Build automation software for Elixir

Mix is a build automation tool for working with applications written in the Elixir programming language. Mix was created in 2012 by Anthony Grimes, who took inspiration from Clojure's Leiningen. Soon after, Mix was merged into the Elixir programming language itself and to this day is one of the six applications that are part of the Elixir language. Mix provides functionality for creating, compiling, and testing Elixir source code and for managing dependencies and deploying Elixir applications.

== Mix tasks ==
Mix provides tasks to create, clean, build, compile, run, and test Elixir applications. For example, Mix may be used to create a new Elixir project, such as a new hello_world application.
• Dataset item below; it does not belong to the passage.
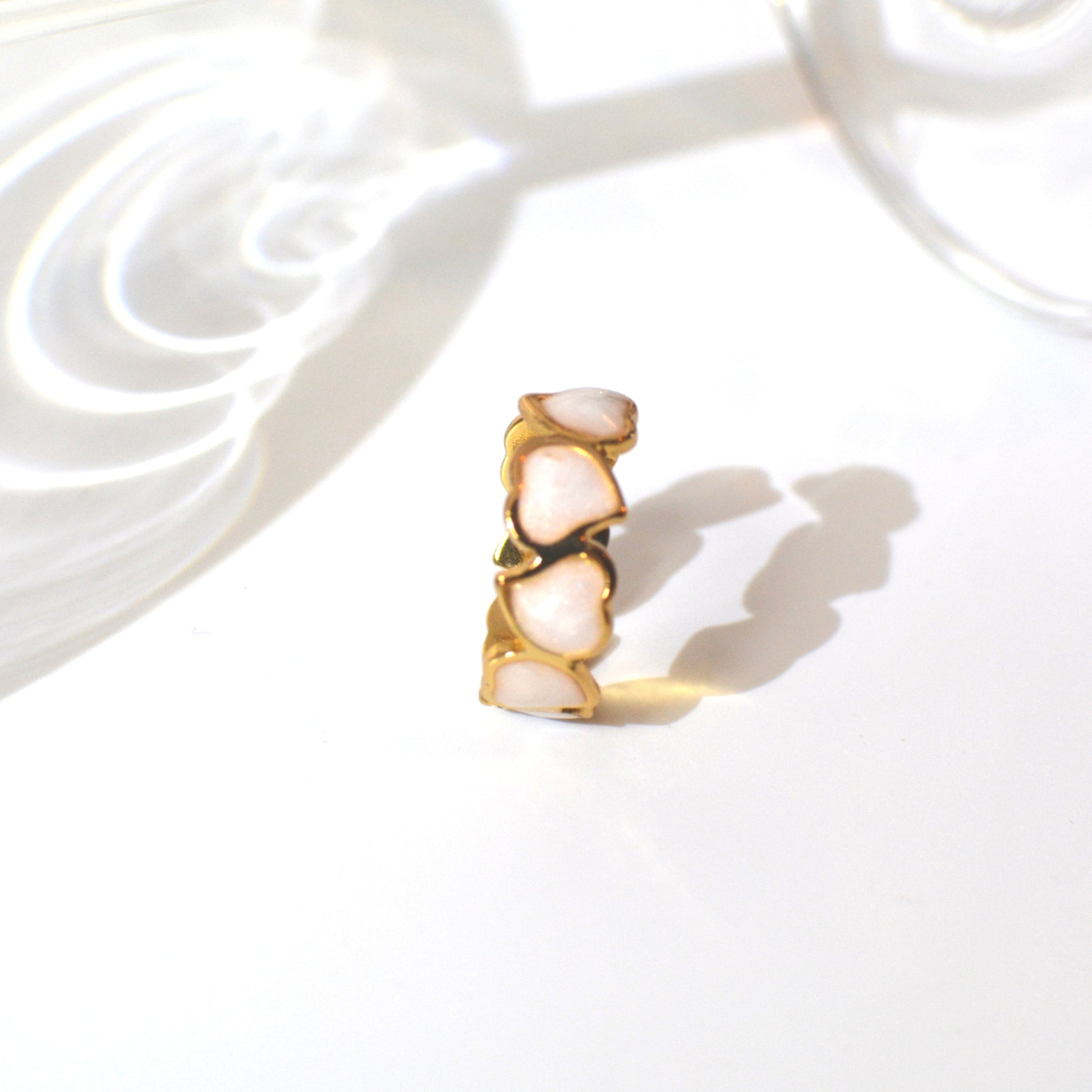 This trio features three adjustable designs: a delicate heart with a white accent, a structured three line band with circular details and an abstract form that captures creativity in motion. Crafted in stainless steel with 18k gold plating, these lightweight rings are perfect for stacking or wearing solo. A reminder to embrace every facet of your own story.
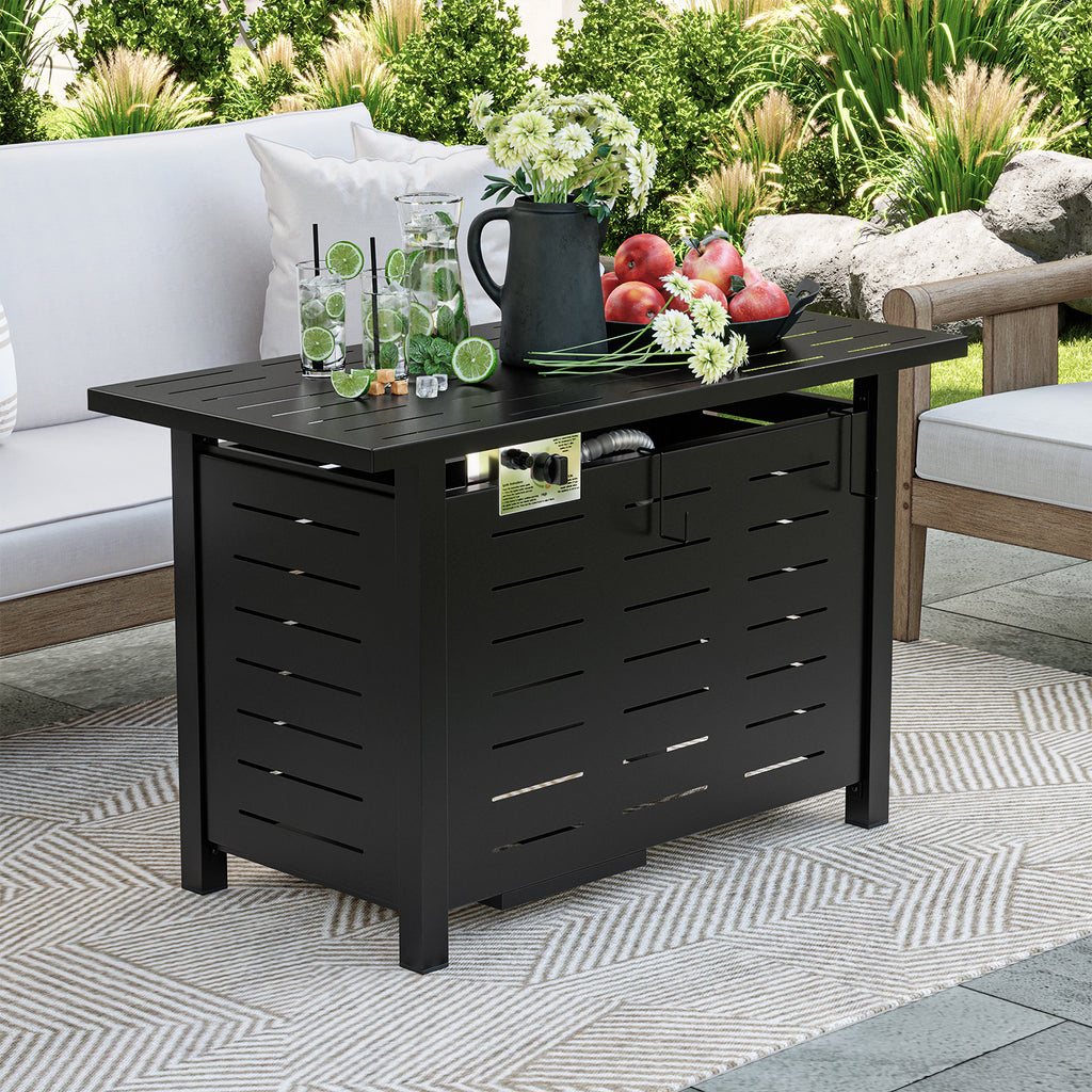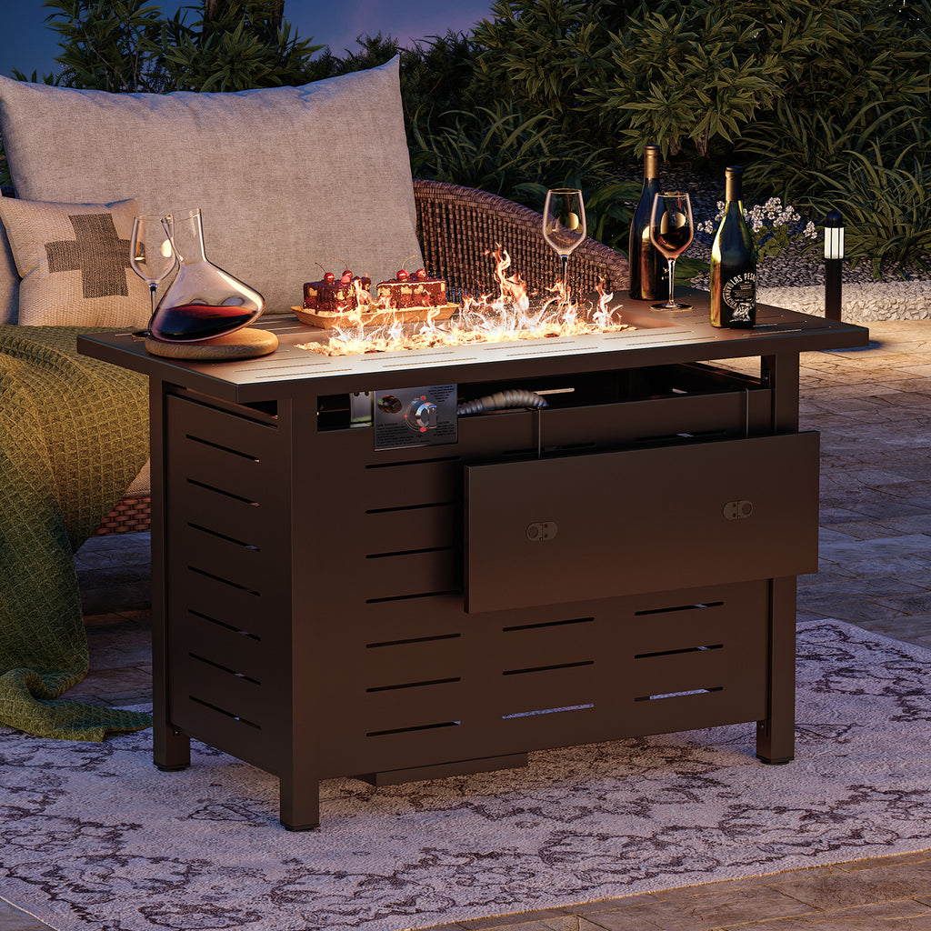 Clouddwell 40"/44" Black/Brown Propane Fire Pit Table, 50,000 BTU Outdoor Gas Firepit with Lava Rocks, Removable Lid & Waterproof Cover for Patio

Running mix new hello_world will result in

$ mix new hello_world
- creating README.md
- creating .formatter.exs
- creating .gitignore
- creating mix.exs
- creating config
- creating config/config.exs
- creating lib
- creating lib/hello_world.ex
- creating test
- creating test/test_helper.exs
- creating test/hello_world_test.exs

Your Mix project was created successfully.
You can use "mix" to compile it, test it, and more:

    cd hello_world
    mix test

Run "mix help" for more commands.

== Mix projects ==
Mix uses the information defined in a Mix Project to compile, build, and assemble the application. By convention, this information is typically managed in an Elixir script file named mix.exs. The file may include version information, dependencies, and other configuration information.

== Application ==
As the Elixir build tool, Mix is used on applications that target the Erlang virtual machine (as opposed to the Java virtual machine or the .NET Common Language Runtime). Mix is used with web applications built on the Phoenix framework.